BEARDSLEY: We head up two flights of stairs through a dark, graffiti-scrawled hallway to a warm welcome by Kluchnikov's 3-year-old daughter, Olena.

OLENA KLUCHNIKOV: (Foreign language spoken)

BEARDSLEY: Olena helps make tea with her mother, Marina, before breaking into a little song.

KLUCHNIKOV: (Singing in foreign language)

BEARDSLEY: Kluchnikov works as translator and does other odd jobs. His wife, Marina, is getting her Ph.D. at in economics. The couple has two other children and they live in a three-room flat on a tight budget. Every decision counts, especially these days. Like whether or not they can buy a new skateboard for their 13-year-old son, Nikita.

Because they're expensive or because you can't find one?

KLUCHNIKOV: Well, for us they're expensive.

MARINA KLUCHNIKOV: Because we don't know what's going to happen tomorrow when we need our money to go. Just in case, because they say that, you know, major cities are the main targets, you know, if something happens.

(SOUNDBITE OF POURING TEA)

BEARDSLEY: Along with such grim thoughts, I'm served cake and tea with honey. Ukrainian hospitality never wavers. Though they didn't participate in the occupation of Kiev's Maidan Square, the young couple supported the protest movement against their corrupt government. They can hardly believe what's happened in the past few months - the killing of protesters, their president fleeing, and now the stand-off with Russia. The couple is stunned by the Russian military's aggressive moves and what they say is a propaganda war being waged by Russian president Vladimir Putin.

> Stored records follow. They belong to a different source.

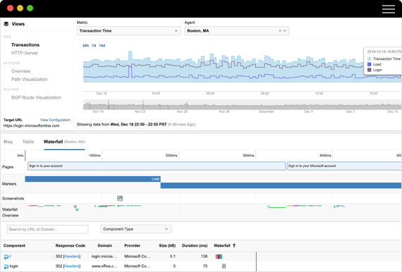 Узнаете, как пользователи на самом деле взаимодействуют с вашими приложениями. ThousandEyes имитирует реальные сценарии: загрузка страниц, переходы между экранами, авторизация, оплата — и показывает полную картину: от времени отклика до конкретного шага, где что-то тормозит. Визуальные waterfall-диаграммы, скриншоты, ключевые метрики и детали по каждому этапу — ваш инструмент для улучшения клиентского опыта (Customer Experience).
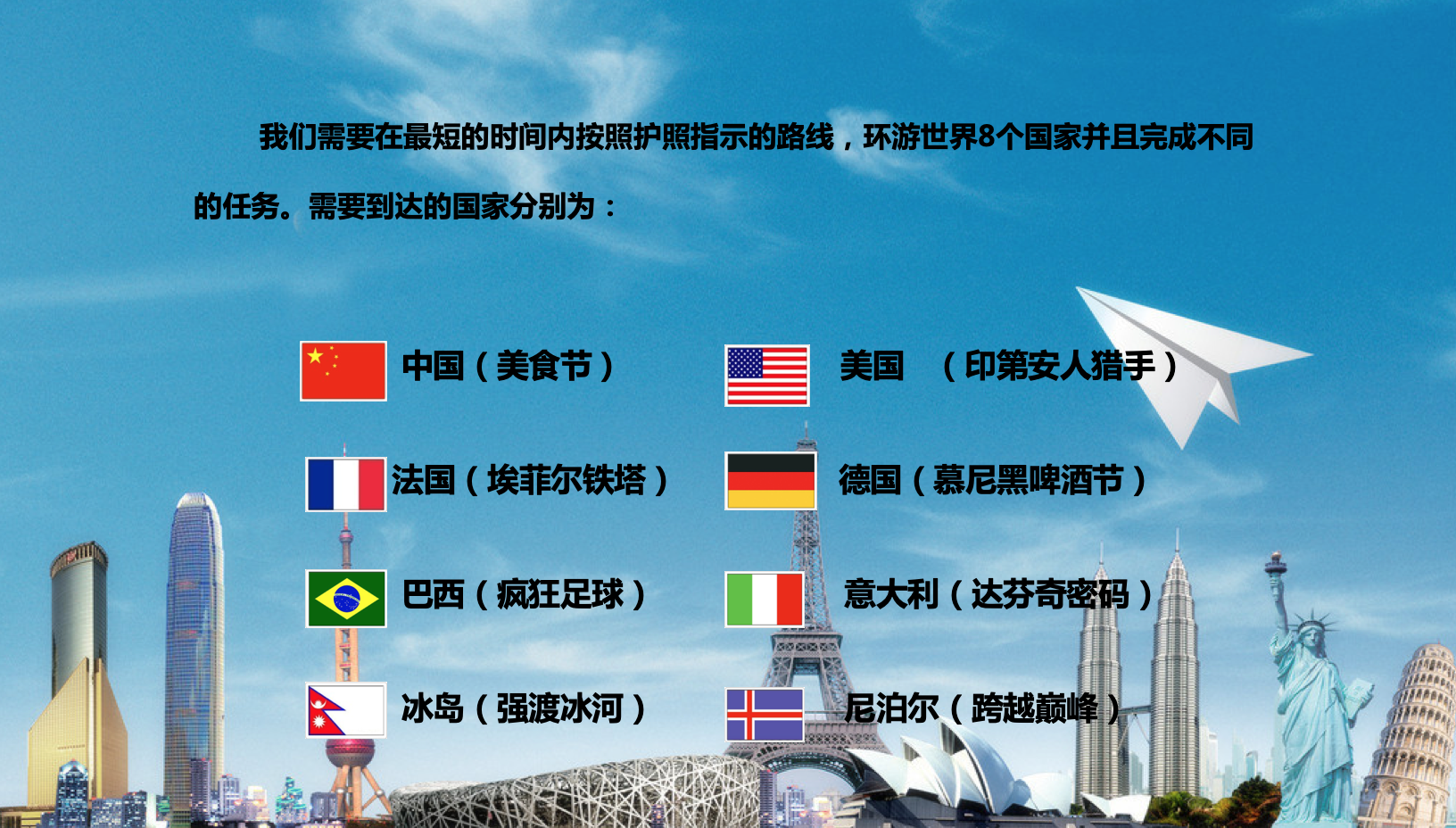 每个团队领取自己的护照与机票,开始接受挑战吧!
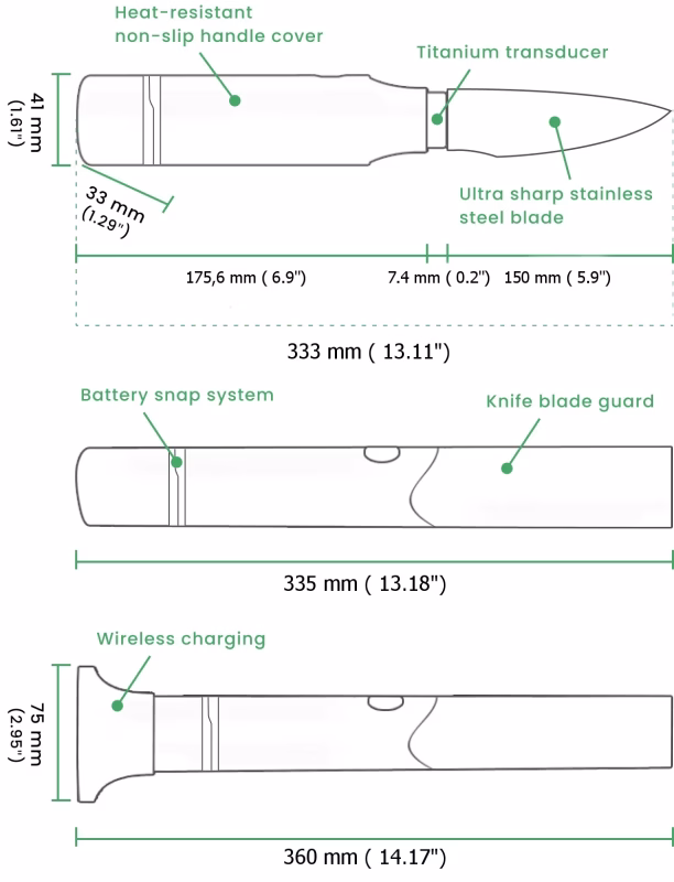 Veitsemme perustuu ultraääniteknologiaan. Tämän ansiosta leikkuri pystyy värähtelemään terää ennennäkemättömällä nopeudella ja tarkkuudella, tämä vähentää tai poistaa täysin materiaalin tarttumisen terään ja saavutetaan korkeampi terävyystaso ja materiaalien helppo leikkaaminen käy kirjaimellisesti hetkessä. Verrattuna perinteiseen veitsiin, leikkaaminen on monin verroin helpompaa ja ergonomisempaa.

But Marina says experience has taught Ukrainians they must go on.

KLUCHNIKOV: We have this saying. (Foreign language spoken). War is war, but the dinner should be ready in time.

BEARDSLEY: The Kluchnikov's say they hope the West will stand by Ukraine. The country gave up its nuclear arsenal with assurances its sovereignty would be guaranteed. Now they wonder if that was perhaps a mistake. But Ukraine must turn toward Europe, says Artyom Kluchnikov.

KLUCHNIKOV: We believe that certain democratic values are appreciated in the West, which are not appreciated and are put down in Russia. And I don't want that for my country. I don't want it for my children.

BEARDSLEY: Some days Marina says all she can do is lie on the couch and cry. She prays a lot. Their son Nikita worries that his father will have to fight in the army. Ten-year-old daughter Masha woke up with nightmares after hearing her parents talk of hastily leaving. Kluchnikov says these days, the only certainty is uncertainty.

KLUCHNIKOV: Because, yeah, people have different ideas about what Putin is going to do. Whether it's going to be just Crimea or eastern and southern parts, or it's going to be Kiev.

BEARDSLEY: Today's referendum on whether Ukraine will lose Crimea is hardly reassuring to the Kluchnikovs.